* [Goal of the exercise]: In the listing that follows, give every line again exactly and omit the pictures.

* [Collected data]:
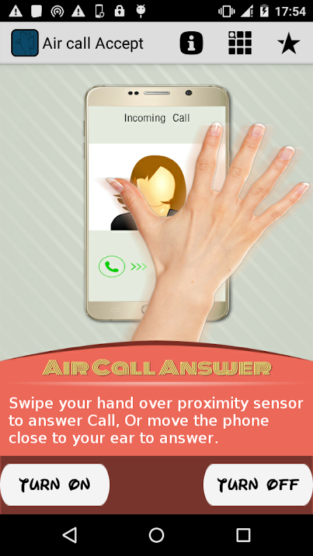 你能回答与此应用程序的调用,每当你无法触摸屏幕。通过刚才给空中的姿态就可以接听您的电话。这就像在空中呼叫接收。
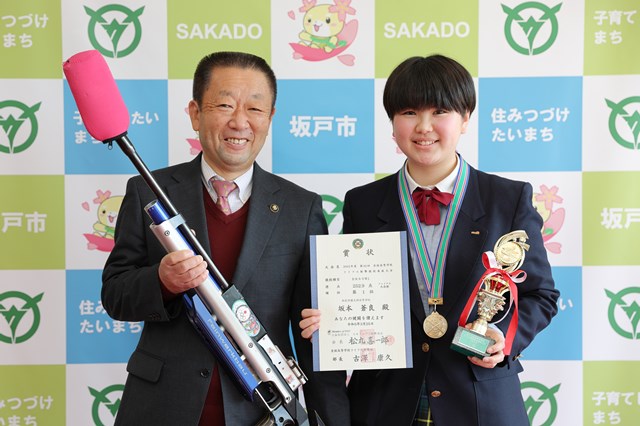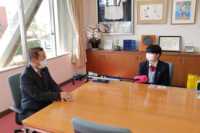 その結果を受けて、4月4日に坂戸市役所に表敬訪問し、市長に報告しました。市長からは活躍した成果に対して温かな言葉を頂戴いたしました。
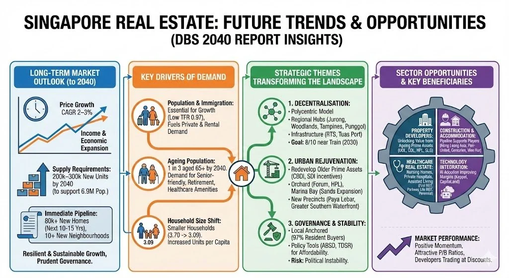 Price growth requires fuel, and that fuel is economic expansion. By 2040, Singapore’s economy is projected to more than double, reaching a staggering USD 1.2 trillion to USD 1.4 trillion.
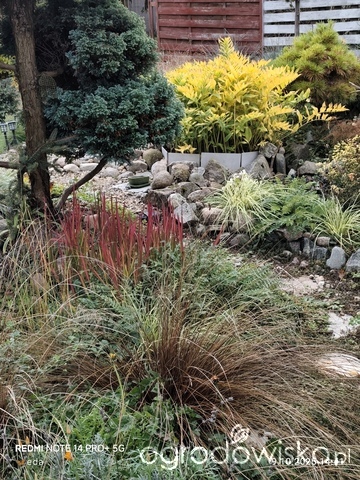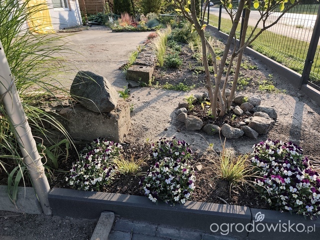 I jest tam jeszcze bliżej betonu Stipa Pony i środkiem Fotergilla i zielony cyprys i zasłonięte

* [Solution for this exercise]:
 你能回答与此应用程序的调用,每当你无法触摸屏幕。通过刚才给空中的姿态就可以接听您的电话。这就像在空中呼叫接收。
 その結果を受けて、4月4日に坂戸市役所に表敬訪問し、市長に報告しました。市長からは活躍した成果に対して温かな言葉を頂戴いたしました。
 Price growth requires fuel, and that fuel is economic expansion. By 2040, Singapore’s economy is projected to more than double, reaching a staggering USD 1.2 trillion to USD 1.4 trillion.
 I jest tam jeszcze bliżej betonu Stipa Pony i środkiem Fotergilla i zielony cyprys i zasłonięte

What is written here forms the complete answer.